The first step in web scraping is to fetch the HTML content of the web page you want to scrape. This is similar to how your web browser works when you visit a website—it sends a request to the server, and the server responds with the HTML, CSS, JavaScript, and other resources needed to display the page.

In web scraping, you'll use a programming language or tool to send an HTTP request to the website's server.
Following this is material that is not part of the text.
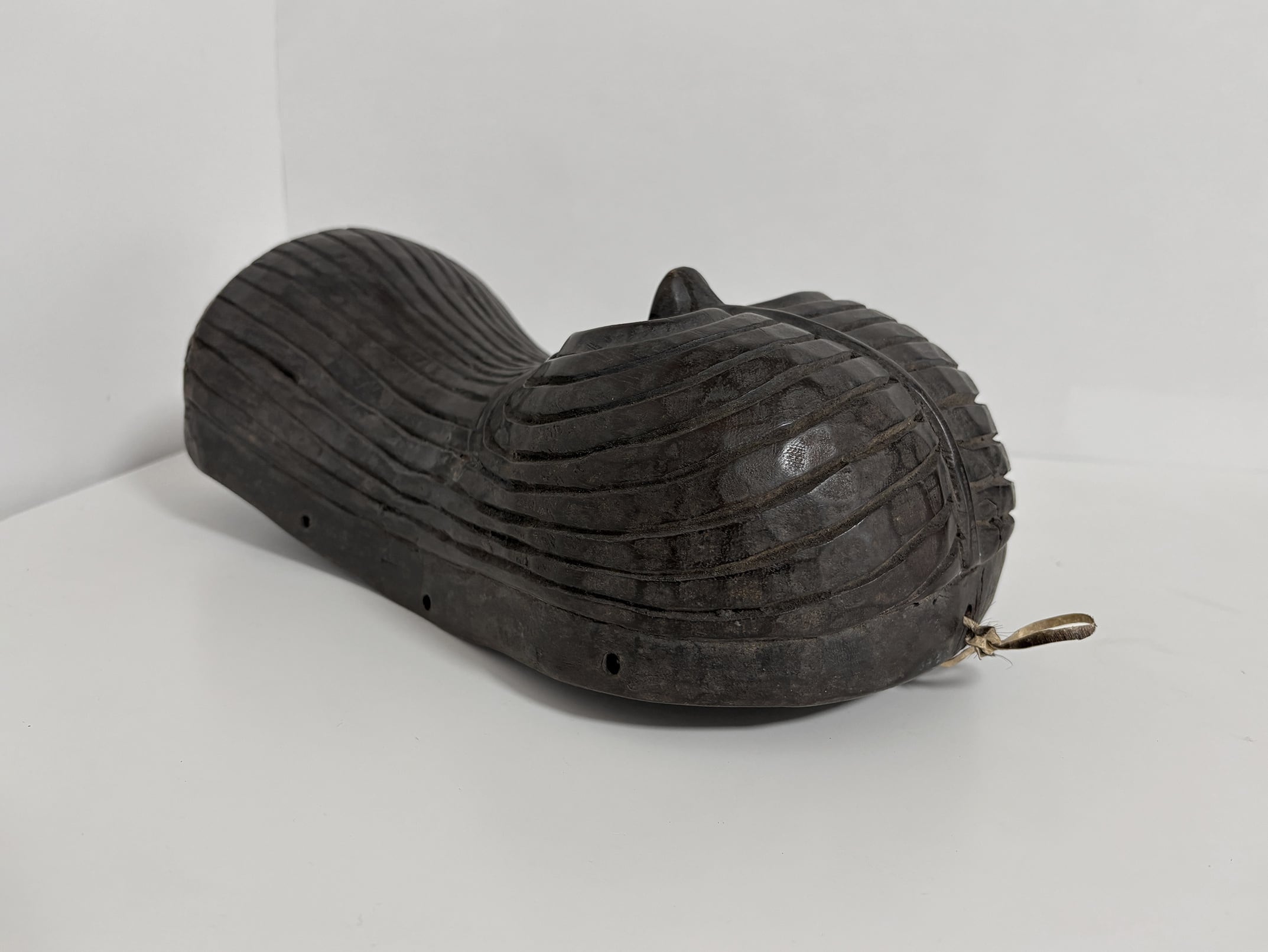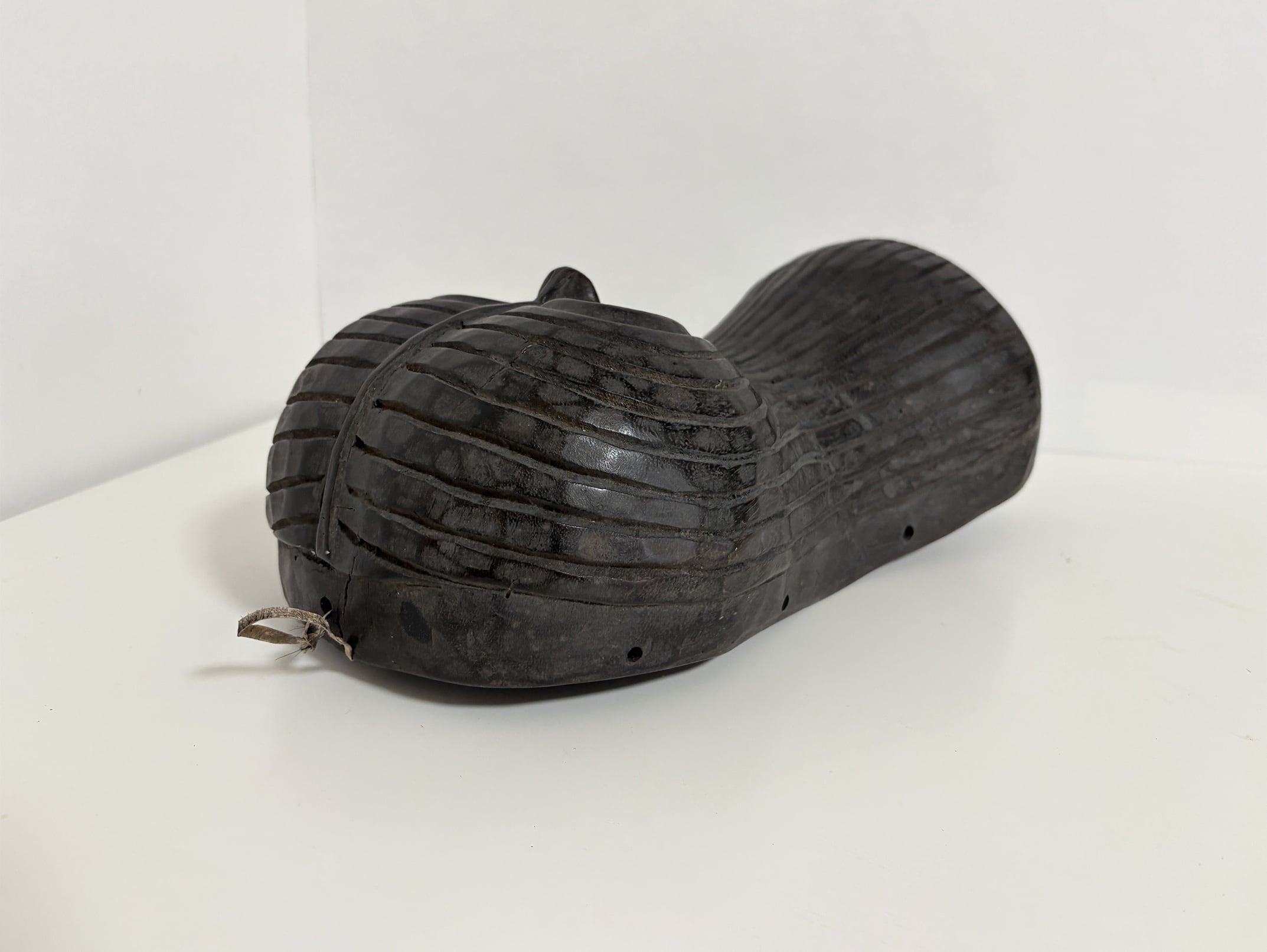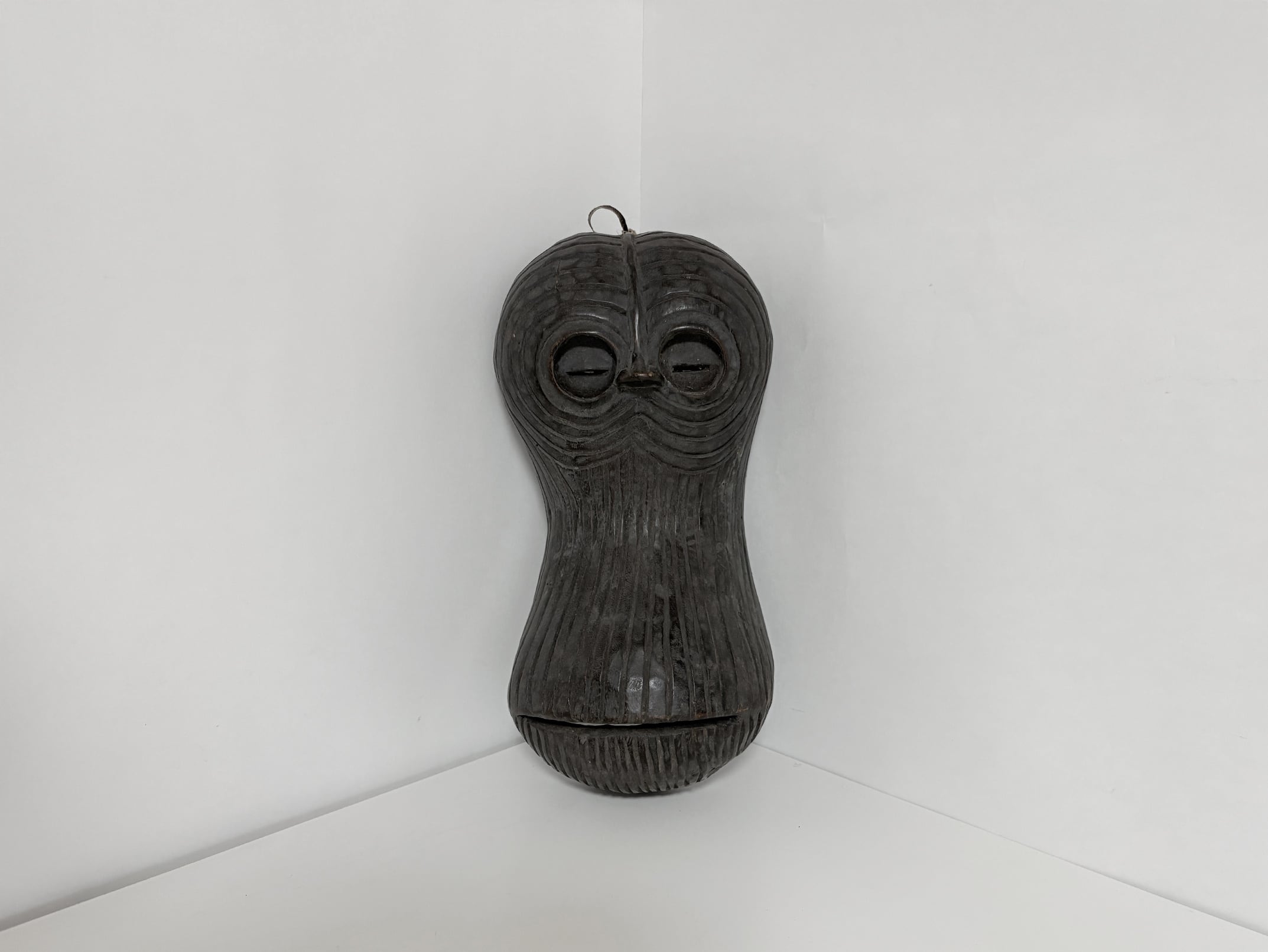 The mask was entirely hand-carved, using adzes and chisels, as shown by the visible tool marks on its interior surface. Its smooth curvature and deep-cut eyes give the impression of movement and vitality. The dark patina, enriched by time and handling, reveals both the artistry and the age of the piece. The interior shows natural wear consistent with ritual use, attesting to its authenticity and cultural significance.

This can be done using various methods:

Programming Libraries: Languages like Python (with the requests library), JavaScript, Ruby, and others have libraries that make it easy to send HTTP requests.
Built-in Functions: Some languages have built-in functions for making web requests.

By requesting the HTML content, you're retrieving the raw data that makes up the web page, which you can then process and analyze.

2. Parsing the Relevant Data

Once you've obtained the HTML content, the next step is to parse it to extract the information you're interested in. Web pages are structured documents that use HTML tags to define elements like headings, paragraphs, links, images, and more.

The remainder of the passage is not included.